The only remaining question is why curve (c) is shown "upside down" (or 'negative'.)
The space-charge density (curve (b) again) is positive to the right and negative to the left, which effectively is an electric dipole so that the electric lines of flux are from right to left (conventionally speaking, of course.)
But we also know that in steady state conditions, there must no longer be any movement of charge across the junction. (By definition, we've waited long enough for the diffusion to occur and reach an equilibrium state, right???)
So, if the electric field strength (intensity on the curve) were to be "positive" then I think you can see that more holes would then move from left of the junction to right of the junction. But this would mean it would NOT be in a steady state or equilibrium state!
Of course, we know that it is in equilibrium. So the dipole must be arranged negatively in order that the dipole opposes further movement of charges.
Does that help a little?
The idea of holes is important. An easy way to see them is as an incomplete covalent bond that makes it fairly easy for an electron in another covalent bond to just "drop in." But this picture's description (from here) of the n- and p-doped semiconductors also provides some help:
The darkness tells you how filled the band is. So very white means "not filled" and very black means "totally filled." With the p-doped semiconductor, you can see that the almost entirely filled valence band is very close to the Fermi level, \$E_F\$. But the next band above that (the conduction band) is energetically far above the Fermi level. So electrons may "hop" from one covalent bond to another "fairly easily" in a p-material.
But at a finer level, I think they are called holes because the Bloch states at the Fermi surface providing the conduction have "negative mass" ... and because having negative charges with negative mass is actually better seen as having "positive holes with positive mass."
Calculating the electronic band structures is a matter of solid state physics, which addresses itself to lattice structures with atoms that are very close together rather than very far apart. When far apart, you get the usual atomic orbital energy locations.

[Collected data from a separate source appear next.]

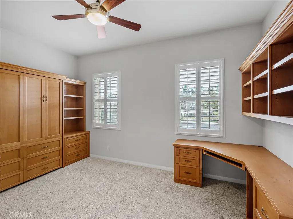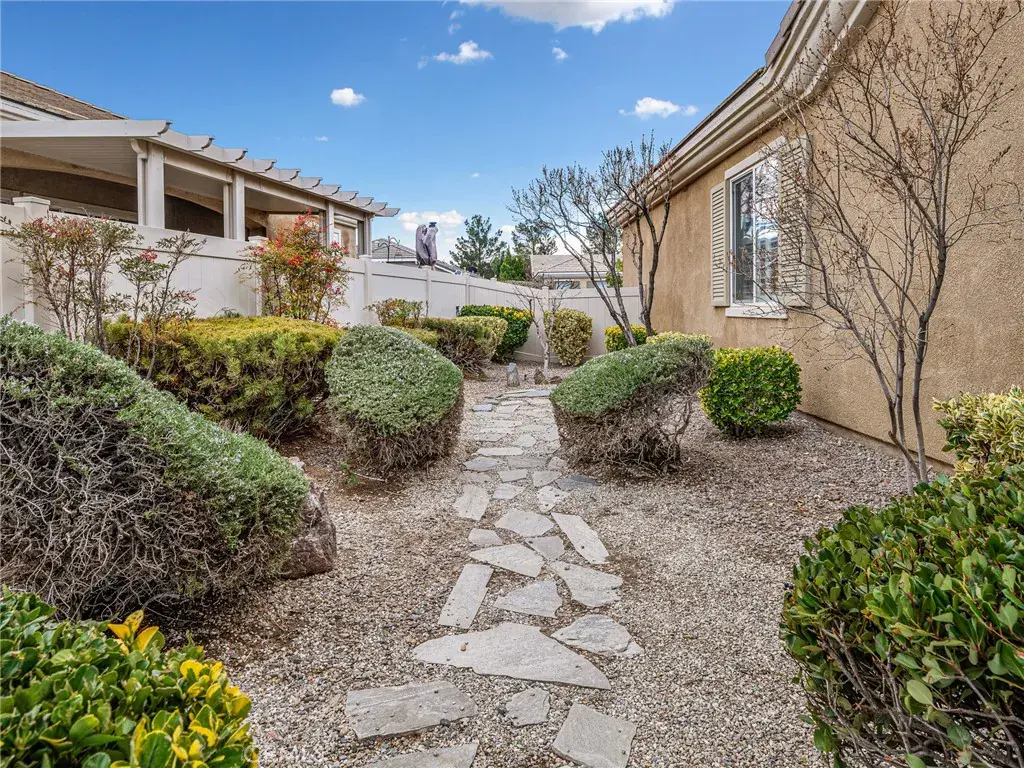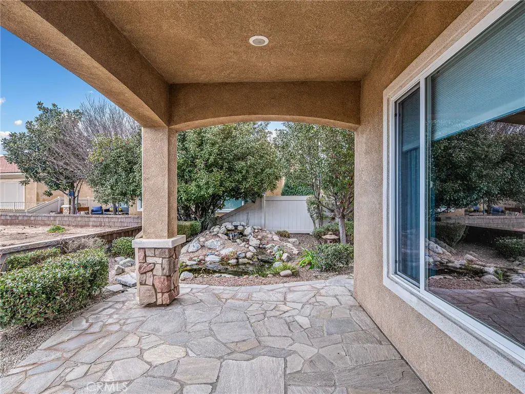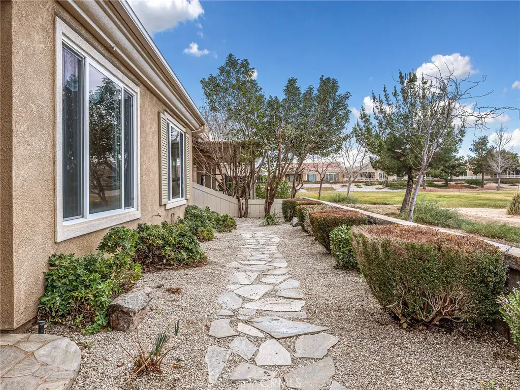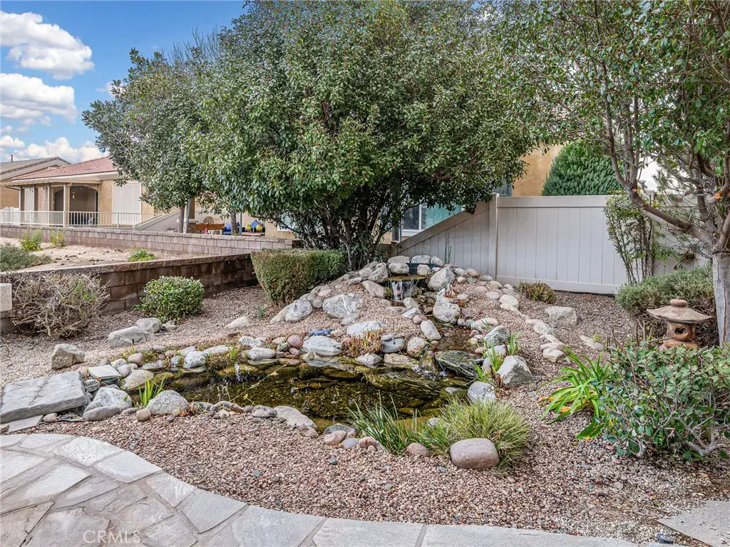 Welcome to Jess Ranch, a premier 55+ community in beautiful Apple Valley! Step into paradise with this spacious 1870 sq ft split-floorplan home designed for comfort, privacy and easy living. From the moment you enter the inviting foyer, you’ll appreciate the pride of ownership throughout this well-maintained 2 bedroom, 2 bath, office or 3rd bedroom residence. The open living and dining areas provide plenty of space for gathering, while the cozy fireplace creates the perfect setting for relaxing evenings on the chilly winter night. The large kitchen offers plenty of cabinetry and workspace, ideal for preparing meals or entertaining guests. Just as you enter from the garage, you’ll find a convenient laundry room complete with washer and dryer for added functionality, a sink and plenty of cabinetry for storage. The private primary suite features a generous walk-in closet, a large free standing tub, a separate shower – your own peaceful retreat at the end of the day. On the opposite side of the home, two additional rooms, 1 bedroom with a built in desk or office and 1 bedroom with built in cabinets with a Murphy bed and desk offering flexibility for guests or your hobbies. Then step outside to your backyard retreat, complete with a tranquil koi pond and soothing cascading waterfall. Surrounded by lush plants and shrubs, it’s the perfect spot to enjoy your morning coffee, afternoon snack or dinner under the sky – and just in time to take in a stunning High Desert sunset. You can even take the afternoon and go do some shopping as you will see plenty of choices to choose from or maybe even a movie all located at the entrance of Jess Ranch.This home offers more than just space — it offers a lifestyle of comfort and tranquility in beautiful Apple Valley. Move in ready come see this beautiful home waiting for new owners to make it their castle.
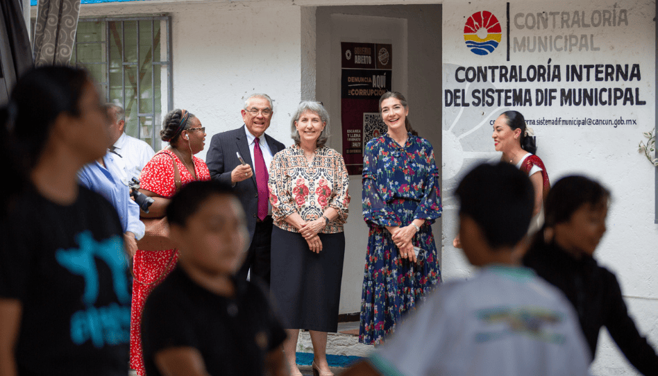 El 20 de septiembre de 2025, tres líderes de las presidencias generales de La Iglesia de Jesucristo de los Santos de los Últimos Días se unieron a miembros locales en Cancún, Quintana Roo, México, para realizar una donación de 300 mochilas de emergencia al Sistema para el Desarrollo Integral de la Familia (DIF) del municipio de Benito Juárez.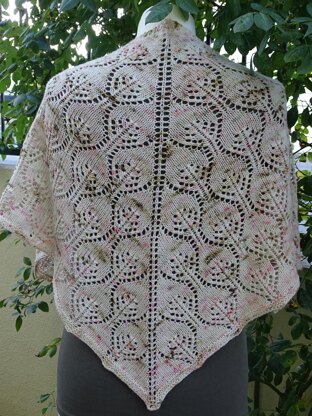 Macieira shawl is worked down and out from the center of the top edge, detailed instructions are given in two sizes but this shawl is completely adjustable. Final measurements depend on the number of times you work chart B. Shaping is done by working increases at the beginning and ending of each row and around the center stitch.

But when in a crystal lattice, with the atoms very close together, the simple and nicely separated atomic orbital energy levels become myriad molecular orbital energy levels bunched up in such very close proximity that it is better to call them "bands", instead. (This is emphasized by the added fact that there are forbidden "gaps" between them, making the bands stand out more clearly.) And it is mostly the two bands that are nearest the Fermi energy level that people look at because the others are either filled and stay filled (and therefore can be ignored) or else unfilled and stay unfilled (and therefore can also be ignored.)
(Band theory applies the wave function approach to a uniform structure and, for semiconductors with lattice disruptions or a PN interface, needs to be modified with band bending.)